Not the most unbiased person out there but honest about it, his reviews have saved me much money and I have regretted ignoring his warnings in the past. This is a movie that I will not be seeing. 

Forewarned is forearmed

See you on the floor soon
Friends
Brian King


----------



## heretic888 (Sep 24, 2006)

Brian,

With all due respect, I couldn't helped but be amused when I read that. The entire notion of "personal objectivity" is nothing short of a popular fantasy. An opinion, by its very nature, is anything but "objective" --- no matter how well-grounded it is in facts and evidence. A point-of-view cannot be objective or else it is not a point-of-view.

Whenever I hear the argument of "bias" and we're not talking about statistical procedures, that always comes across to me as basically saying "well, I disagree with my opponent's conclusion but I don't have the intellectual werewithal to refute his arguments, therefore I'll just say he's not being objective". Everyone and everything is biased, so it's really a non-argument. It's basically akin to condemning someone's position just because it exists in the first place. It's intellectual nonsense.

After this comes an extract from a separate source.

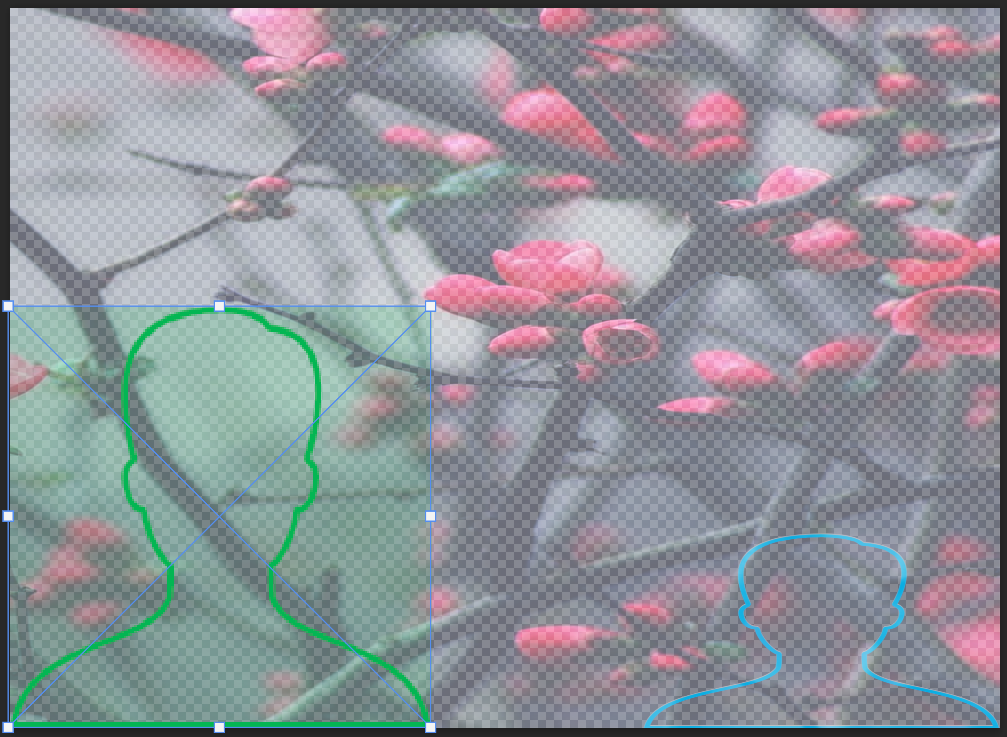 Помните, что в области вписывания подтипа FSQ фигура может располагаться в любой части холста — это зависит от её положения на оригинальной фотографии Комбинирование областей FSQ и FSQR, как показано в этом примере, не позволяет точно контролировать взаимное расположение фигур на итоговом изображении.
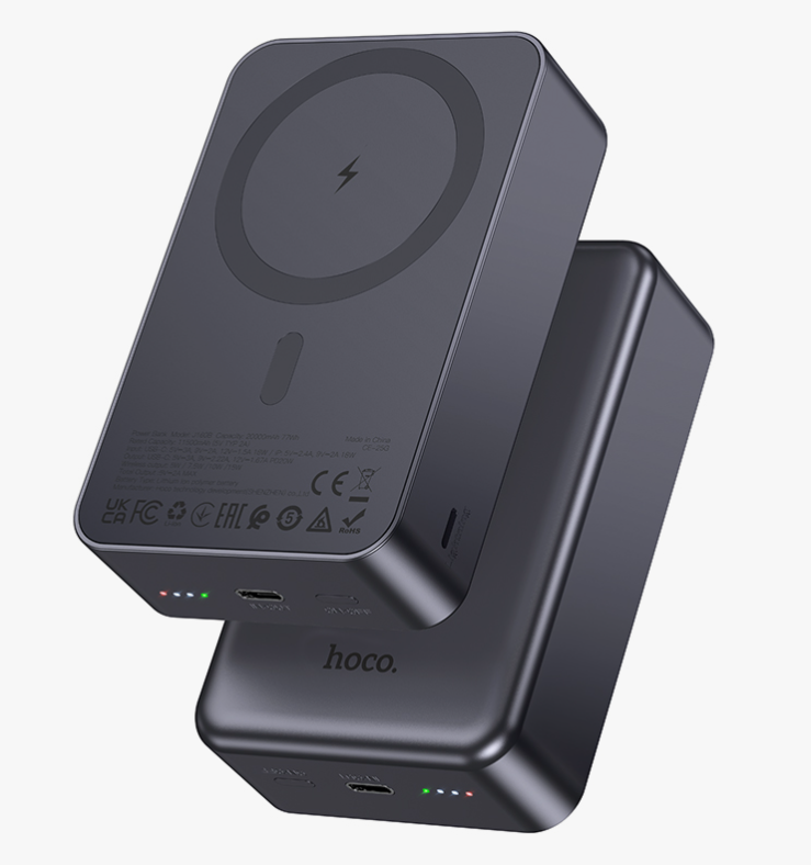 Портативный аккумулятор Hoco J160B PD20W (20000mAh) цвета серый металлик — внешний аккумулятор с поддержкой беспроводной и кабельной зарядки.

Personally, I am much more interested in accuracy than I am in bias. A statement can be completely "biased" but still be completely accurate and factual at the same time. So far as I can tell, nothing from the aforementioned clips or the trailer was anything in the way of inaccurate --- unless there is something specific you would like to highlight.

But, hey, that's just my opinion.

Laterz.


----------



## hardheadjarhead (Sep 25, 2006)

Brian said:


> Not the most unbiased person out there but honest about it, his reviews have saved me much money and I have regretted ignoring his warnings in the past. This is a movie that I will not be seeing.




I'll go see it.  

This reminds me of the Michael Moore movie, "Fahrenheit 9-11" thread of some years ago where people were dissing the movie without having actually seen it.  I've seen the same done with "The Passion of the Christ" and "Brokeback Mountain."   People based their opinions on what they heard, or what they'd been told...and didn't check it out for themselves.  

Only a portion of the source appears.